I've suggested a similar kind of threshold-based auto-decision above. I am curious though: if all the options become combinations of different features, wouldn't discrete drivers get a bit messy to code since a "type" taxonomy could turn into a CartesianProduct of features? Simple polymorphism seems no longer sufficient such that one either has to move up the GOF pattern scale, or use case/if statements. "Few drivers" implies simple sub-typing. A RAM-only driver will not suffice if the threashold is reached and a disk-only driver may not handle RAM well. -- top

As long as differing implementations (of whatever) can be accessed via common interfaces, it is possible to implement a type hierarchy without case/if statements or equivalent mechanisms, though interdependent functionality may involve references from one instance to another. You wind up with things like this:

 ResultSet(theSQL, diskable, compressable, encrypted) {
  storage = diskable
  compression = compressable
  encryption = encrypted
  encryption.setCompressor(compression)
  compression.setStorage(storage)
  ...etc...

-- DaveVoorhis

greymorphism

Related to my "polymorphic blinders" comment above, perhaps an implementation-neutral interface would merely give hints or suggestions, not orders. For example, it could have a "cachness" percentage setting (perhaps this is BargainFutureProofing). Zero would mean it always uses disk, and 100% would mean it always uses RAM, never disk. In between would be various caching levels, or perhaps size threashold controls. If one implements the interface with something that must choose between disk or ram up front (sort of like the one introduced above), then it could split the decision at the 50% level (<50 use disk, >50 use the ram version). Or perhaps wait longer under a high value before switching to disk as stuff grows. If somebody later replaced the engine with a cache-able engine, then all the polymorphism that is exposed to the user is obsolete.

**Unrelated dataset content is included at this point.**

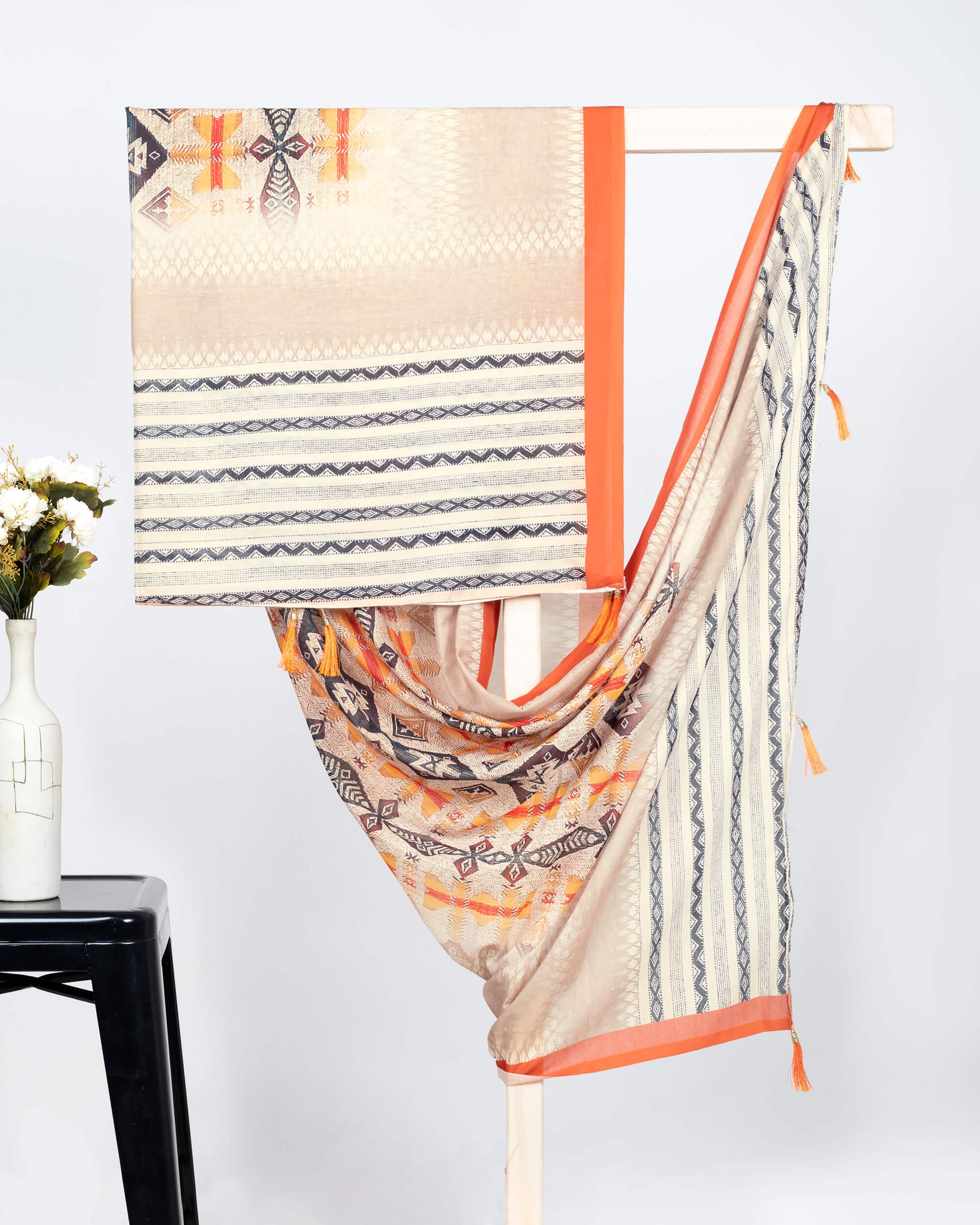 Tan Beige And Black Chevron Pattern Digital Print Poly Voile Dupatta With Tassels

Huh? What polymorphism is exposed to the user? How is this example different from the one I gave in the bulleted section above, that one that starts with "Easy. Toward the goal of self-optimising containers in general ..."?

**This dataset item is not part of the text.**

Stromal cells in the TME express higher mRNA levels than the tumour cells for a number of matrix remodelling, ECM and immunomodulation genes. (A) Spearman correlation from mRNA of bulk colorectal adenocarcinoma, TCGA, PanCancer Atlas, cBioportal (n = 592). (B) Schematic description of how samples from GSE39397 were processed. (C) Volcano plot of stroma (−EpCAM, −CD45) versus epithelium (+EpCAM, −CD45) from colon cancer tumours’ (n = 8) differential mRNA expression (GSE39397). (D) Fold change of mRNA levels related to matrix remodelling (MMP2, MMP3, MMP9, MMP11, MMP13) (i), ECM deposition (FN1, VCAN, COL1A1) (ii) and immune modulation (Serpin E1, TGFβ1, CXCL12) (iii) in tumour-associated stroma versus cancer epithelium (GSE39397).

I sense that you are making a quibble of deperation here, scrambling to find points to defend a categorical rejection of polymorphism. Polymorphism is merely a tool. When it is appropriate, it works, and when it's available it reduces overall developer effort compared to that required when polymorphism is not available, without having any impact on the user or fellow developer.

You have not demonstrated that for an engine that uses both disk and ram in conjunction at the same time.

I didn't know I was supposed to. Would you like me to write code for the above example that caches disk access? It's quite trivial. Hmmm... Maybe I should assign it as an exercise... :) -- DV

Your claim, "Where this approach is really of benefit is when we add, say, a new type of compression" assumes that new requirements fit into a "new sub-type" point of view. I've shown an actual example of where it doesn't, at least with regard to caching. I have thus established that in at least some cases, it is not appropriate.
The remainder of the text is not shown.